The artist considers the exhibition of curator Ralph Rugoff for the Venice Biennale 2019 as a turning point in his career. It was also a time when she felt physically beautiful. Italians kept calling her Monica Bellucci, whose style in the 2000 drama Malena ended up becoming an inspiration to her Helen. “Being a beautiful woman cuts you off in wealth and class – you may be broke, but people will be careful,” she said. “Men think I am there for them, and becoming an object is a feeling of corruption. ”
Beauty, as she learned by doing “Anti-Icon, can also be triggering. The public presence of the photographs forced her to take each image with her body parts strategically covered. “They’re still nudes, but different types,” Gutierrez said. She avoids using the word “censorship”, preferring to “conceal” or “reveal” for a little more mystery.

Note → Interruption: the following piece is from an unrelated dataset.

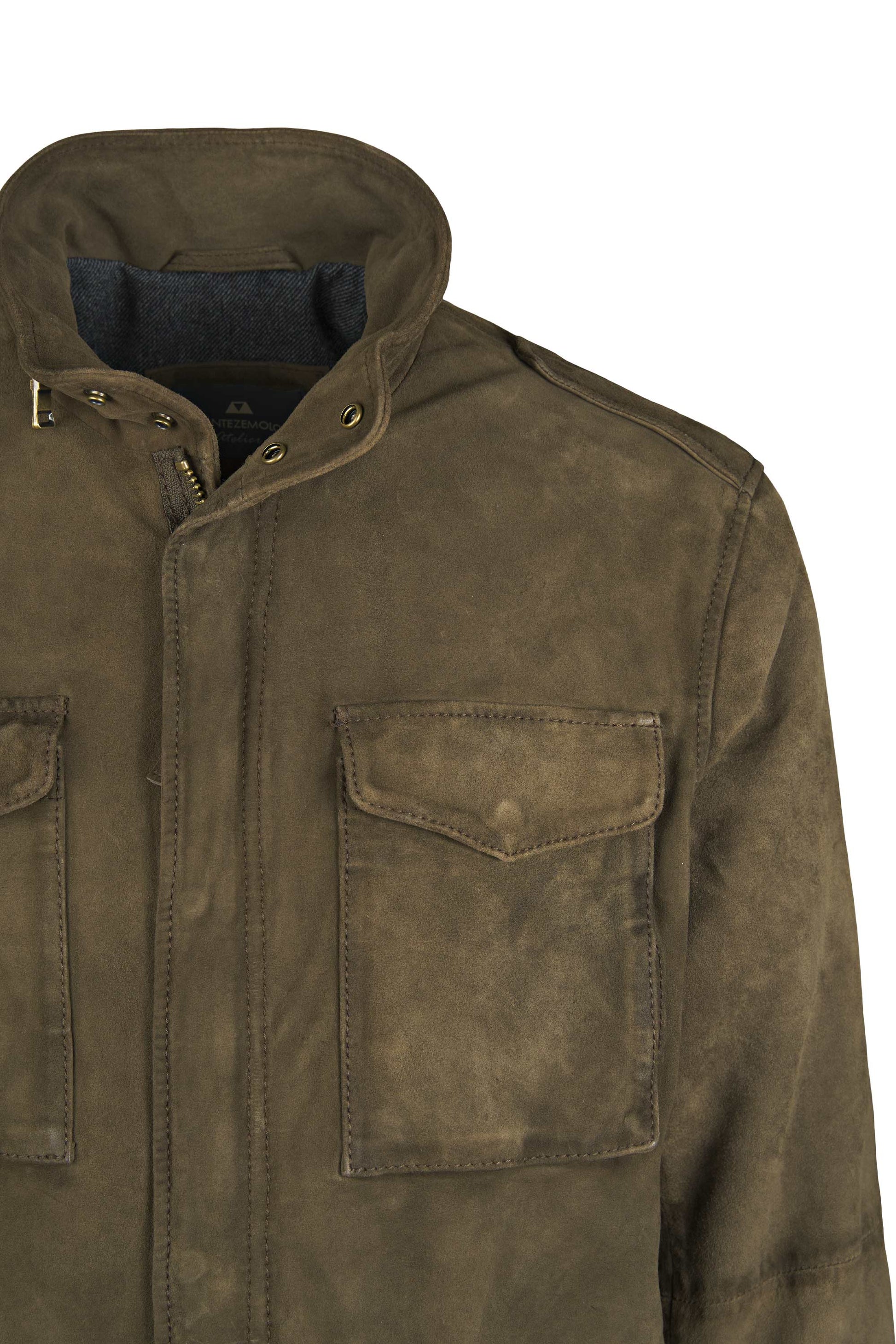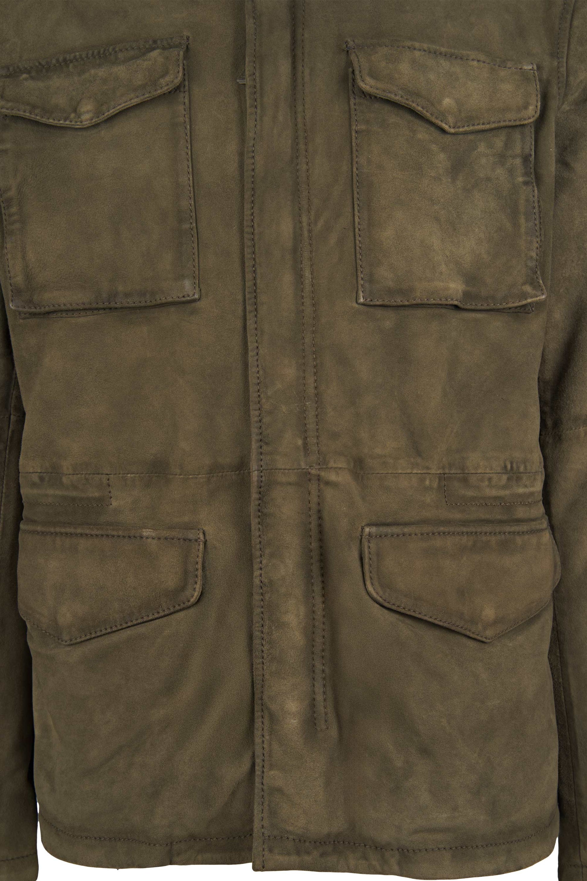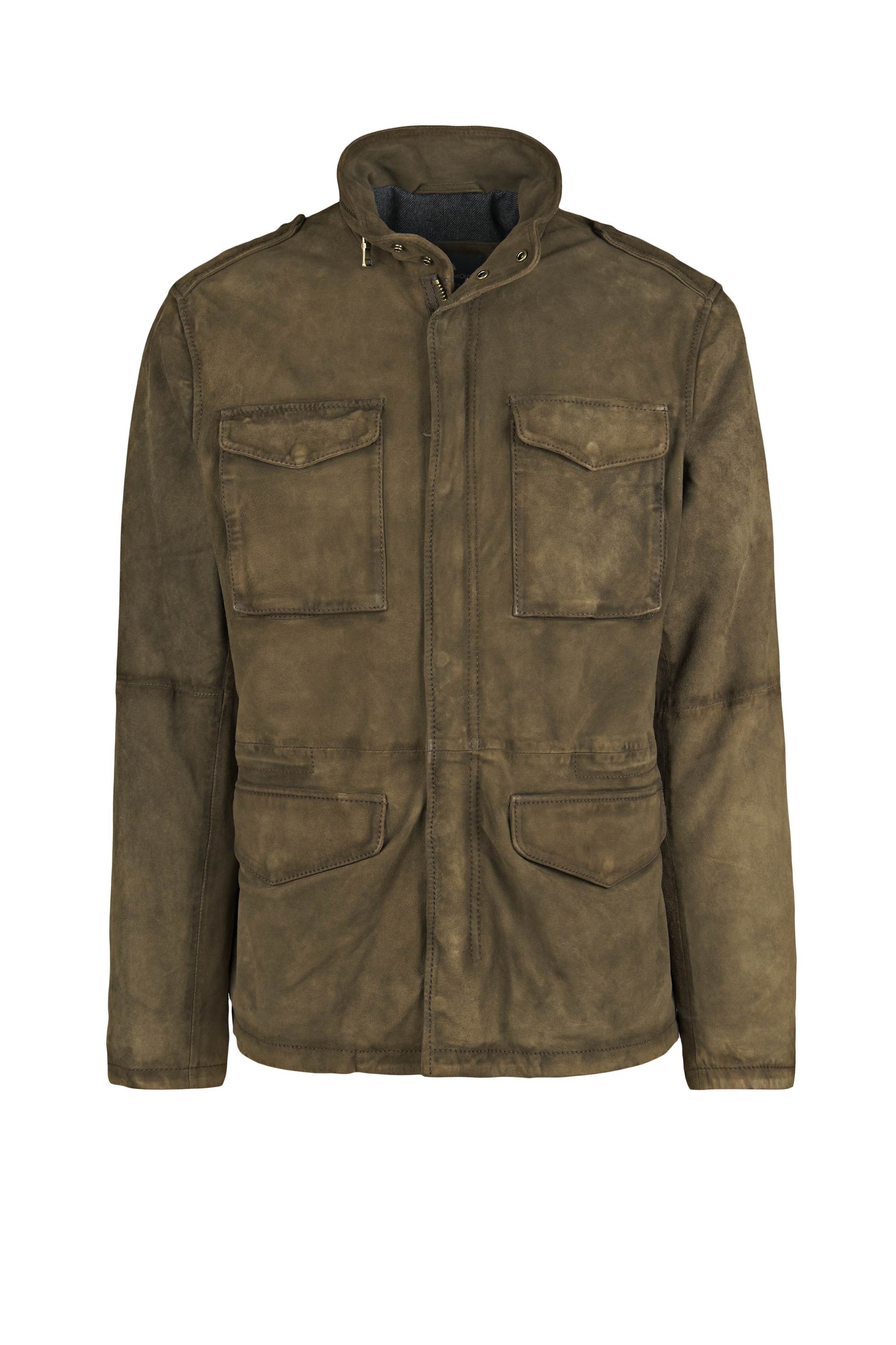 Waxed suede leather, 4 front flap pockets, hidden double-slider zip, shoulder epaulettes, stand-up collar with throat latch, technical inner lining
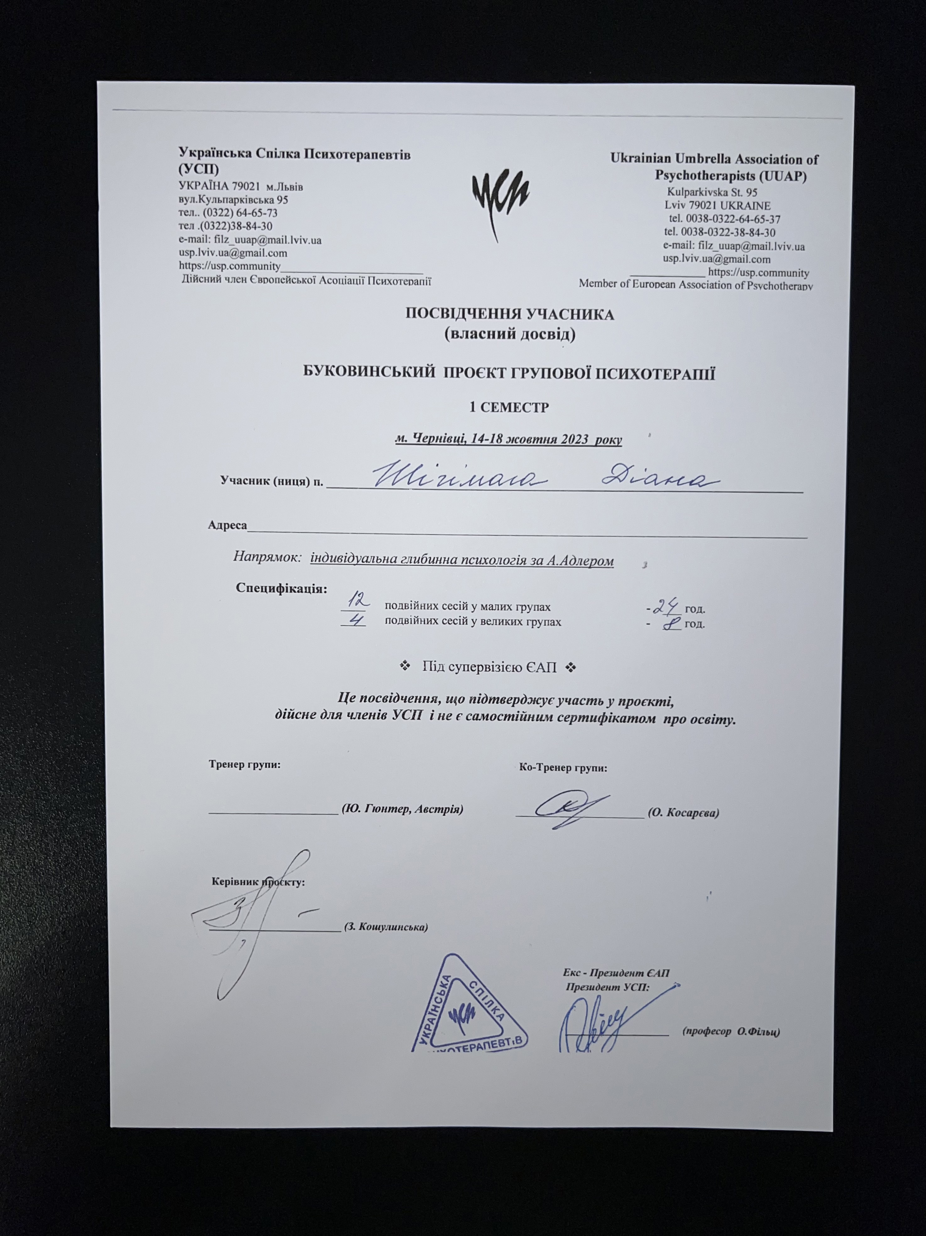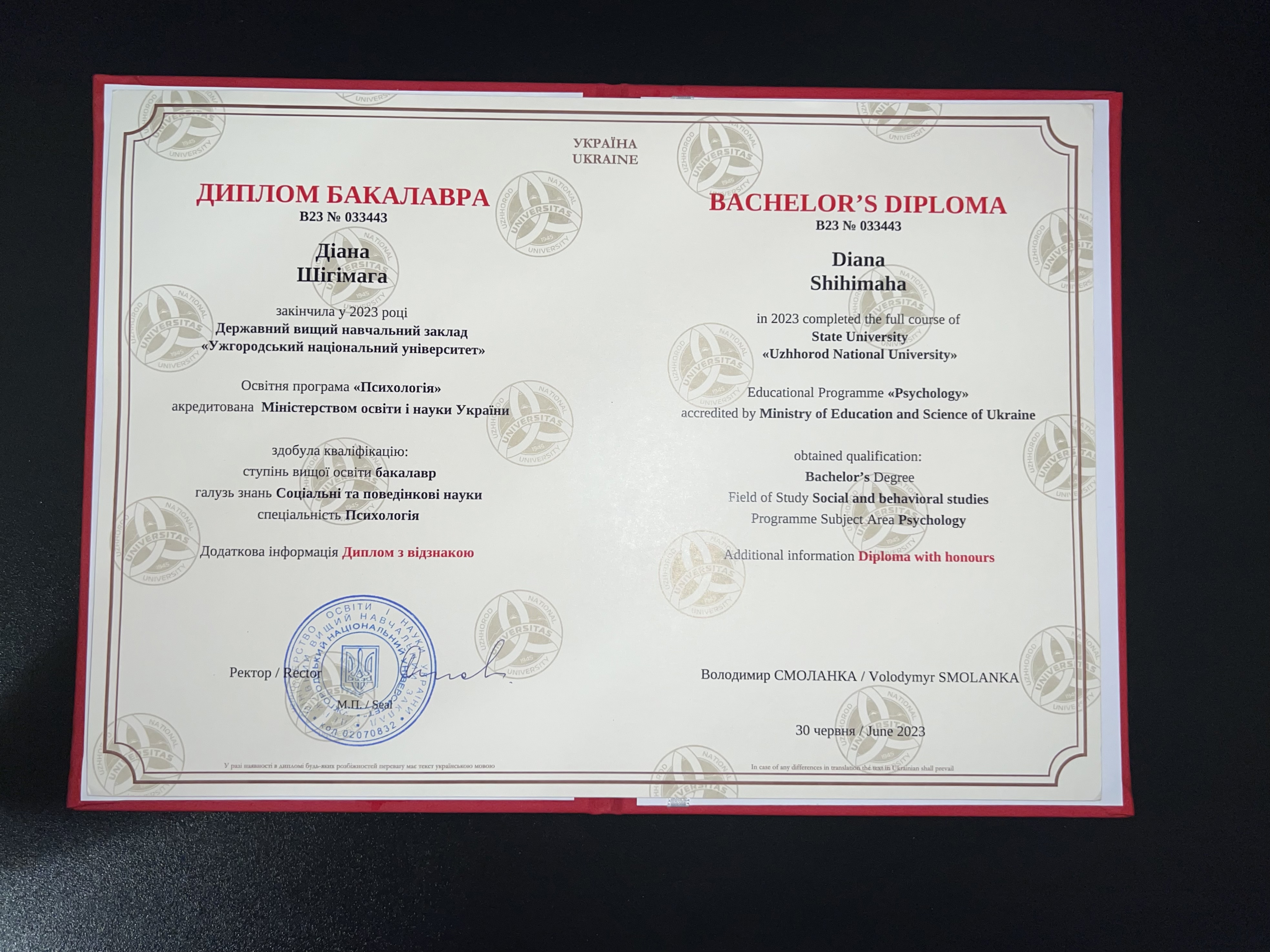 Окончила обучение по образовательной степени бакалавр с отличием. Специальность – «Психология». В настоящее время заканчиваю обучение на магистратуре по этой же специальности. Параллельно прохожу 5-ти летнюю учебу на психотерапевте по направлению Индивидуальная психология Альфреда Адлера. Кроме того, постоянно обучаюсь на курсах повышения квалификации, также занимаюсь написанием научных работ по психологии и постоянно пополняю багаж своих знаний путем самостоятельного изучения литературы.

“If Madonna had a penis, she would definitely show it to everyone,” she said with a laugh. (The queen of pop is infamous Sex 1992 book was in the artist’s mood board for the project.)
Posing for a man’s lens, however, is an experience Gutierrez eschews. “I would criticize myself to a degree of self-intimidation,” she said. On the other hand, Gutierrez’s own relationship with the use of the camera is still ongoing. She positions her body and her expressions in a suggestive way, somewhere between performance and acting.
“I’m not yet self-aware enough to control my expressions,” the artist said. The experience has taught her to try to forget the goal and the timer, and she examines the results to find the moments of authenticity.
This month, another vision of Gutierrez will appear in public when the Whitney opens his commission of the artist’s work for its series of billboards in front of the High Line. This time, Gutierrez is pictured looking away from the lens, dressed in colorful clothing with native motifs and surrounded by collages of nature images. Like its other juxtapositions, the scene features a hyper-stylized version of what might pass for an advertisement – the billboard is perched above Manhattan’s chic Meatpacking District – as well as an overly performative presentation of a culture, presumably for the default white gaze.
“I developed a sense of empowerment and confidence with the security of not having to trade my qualifications for the sake of collection or relevance,” she said. “By traveling the world so intuitively, I want to be able to do something only on my own terms. ”
“Martine Gutierrez: Anti-Icon” is on view until November 21, 2021.